WHAT YOU ARE ASKED TO DO ▸
Because the copy must hold no pictures, return the data below with all of its words intact.
──────── MATERIAL SHOWN ────────
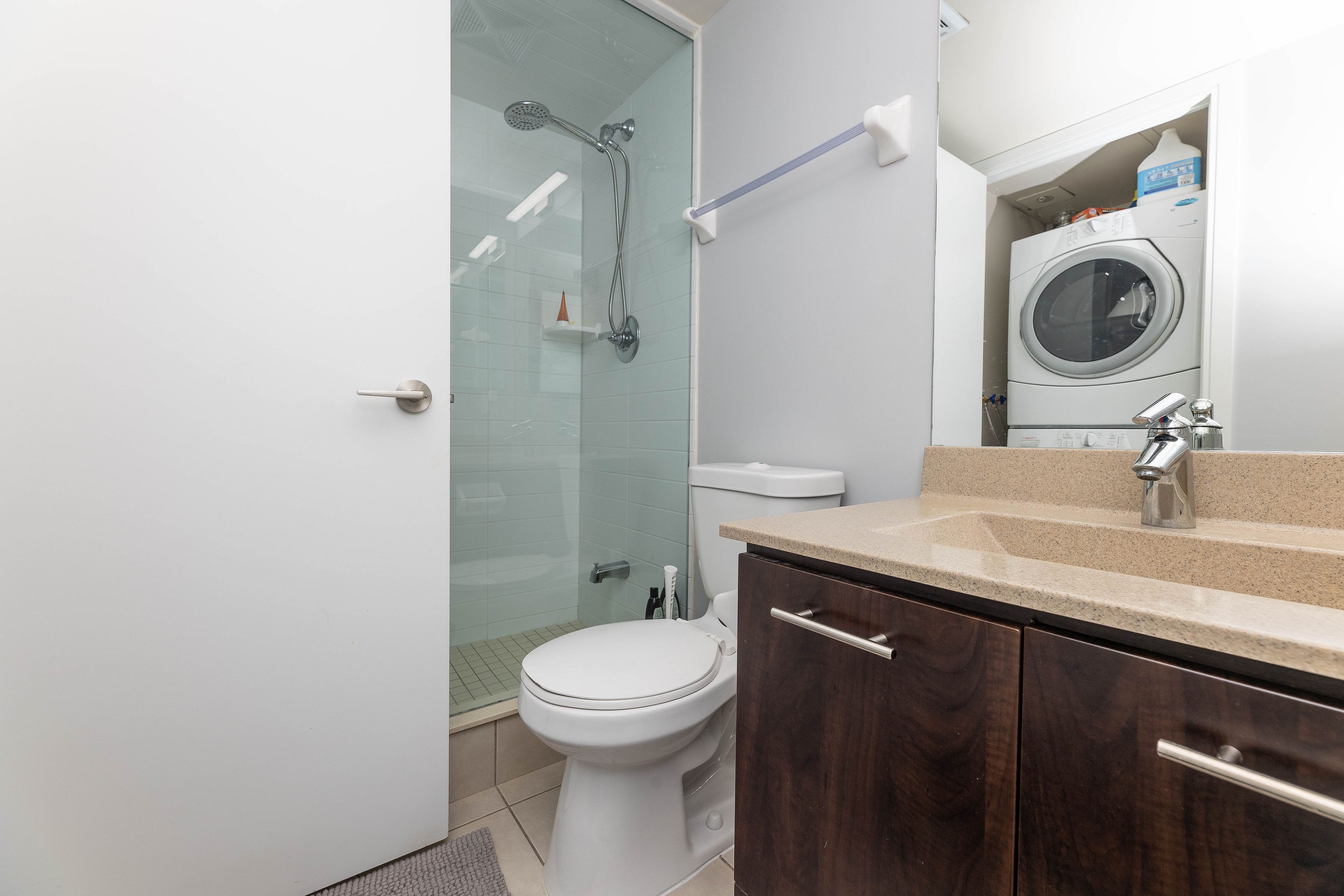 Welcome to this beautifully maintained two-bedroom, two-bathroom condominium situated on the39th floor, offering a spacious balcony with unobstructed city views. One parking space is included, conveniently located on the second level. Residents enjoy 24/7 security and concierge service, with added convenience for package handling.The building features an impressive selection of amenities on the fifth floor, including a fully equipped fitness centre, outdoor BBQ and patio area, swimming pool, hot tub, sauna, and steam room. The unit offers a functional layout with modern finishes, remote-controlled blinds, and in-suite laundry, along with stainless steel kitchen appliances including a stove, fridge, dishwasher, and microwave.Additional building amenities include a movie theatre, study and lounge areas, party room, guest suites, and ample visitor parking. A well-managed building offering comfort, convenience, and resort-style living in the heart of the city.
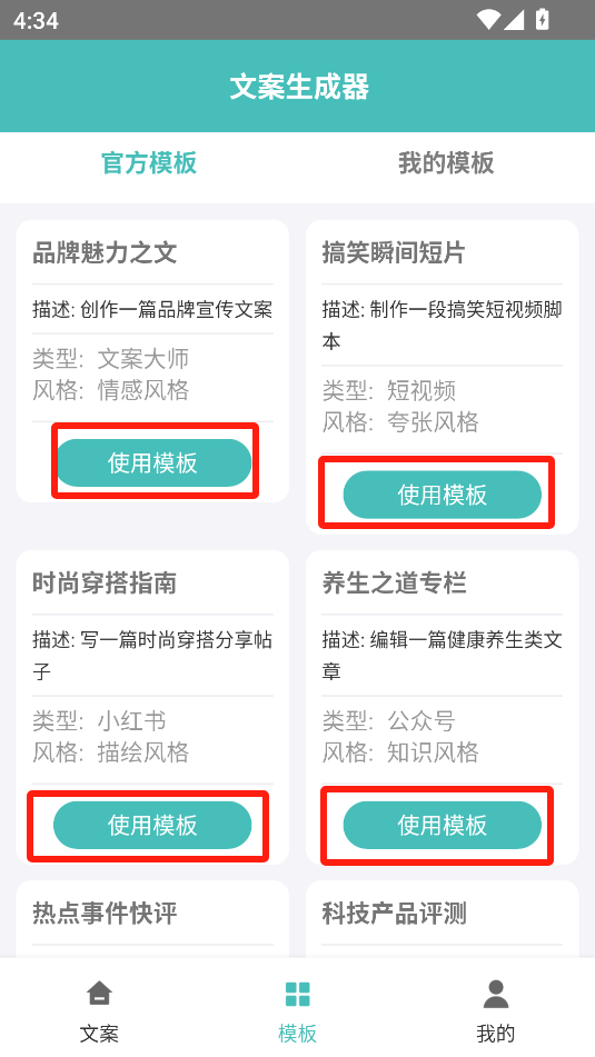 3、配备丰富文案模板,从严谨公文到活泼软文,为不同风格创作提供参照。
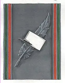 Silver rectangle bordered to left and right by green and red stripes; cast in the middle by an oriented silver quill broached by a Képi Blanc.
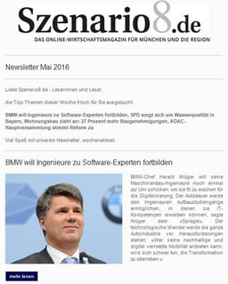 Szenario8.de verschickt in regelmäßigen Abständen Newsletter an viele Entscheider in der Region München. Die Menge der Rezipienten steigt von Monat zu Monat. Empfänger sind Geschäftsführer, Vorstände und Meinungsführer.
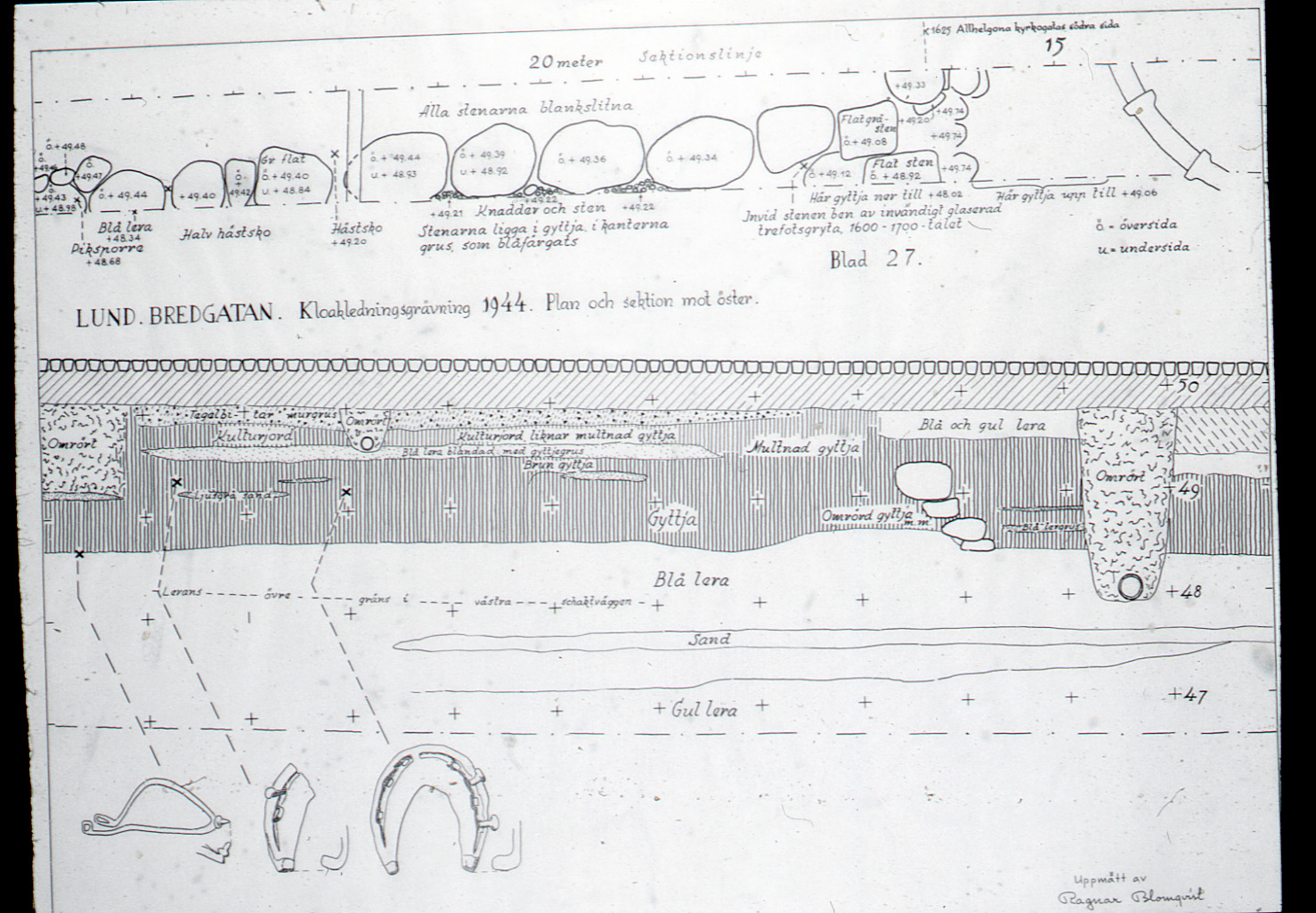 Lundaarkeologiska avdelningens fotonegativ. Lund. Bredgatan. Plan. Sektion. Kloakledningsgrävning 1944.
────────
SOLUTION TO THE EXERCISE ▸
 Welcome to this beautifully maintained two-bedroom, two-bathroom condominium situated on the39th floor, offering a spacious balcony with unobstructed city views. One parking space is included, conveniently located on the second level. Residents enjoy 24/7 security and concierge service, with added convenience for package handling.The building features an impressive selection of amenities on the fifth floor, including a fully equipped fitness centre, outdoor BBQ and patio area, swimming pool, hot tub, sauna, and steam room. The unit offers a functional layout with modern finishes, remote-controlled blinds, and in-suite laundry, along with stainless steel kitchen appliances including a stove, fridge, dishwasher, and microwave.Additional building amenities include a movie theatre, study and lounge areas, party room, guest suites, and ample visitor parking. A well-managed building offering comfort, convenience, and resort-style living in the heart of the city.
 3、配备丰富文案模板,从严谨公文到活泼软文,为不同风格创作提供参照。
 Silver rectangle bordered to left and right by green and red stripes; cast in the middle by an oriented silver quill broached by a Képi Blanc.
 Szenario8.de verschickt in regelmäßigen Abständen Newsletter an viele Entscheider in der Region München. Die Menge der Rezipienten steigt von Monat zu Monat. Empfänger sind Geschäftsführer, Vorstände und Meinungsführer.
 Lundaarkeologiska avdelningens fotonegativ. Lund. Bredgatan. Plan. Sektion. Kloakledningsgrävning 1944.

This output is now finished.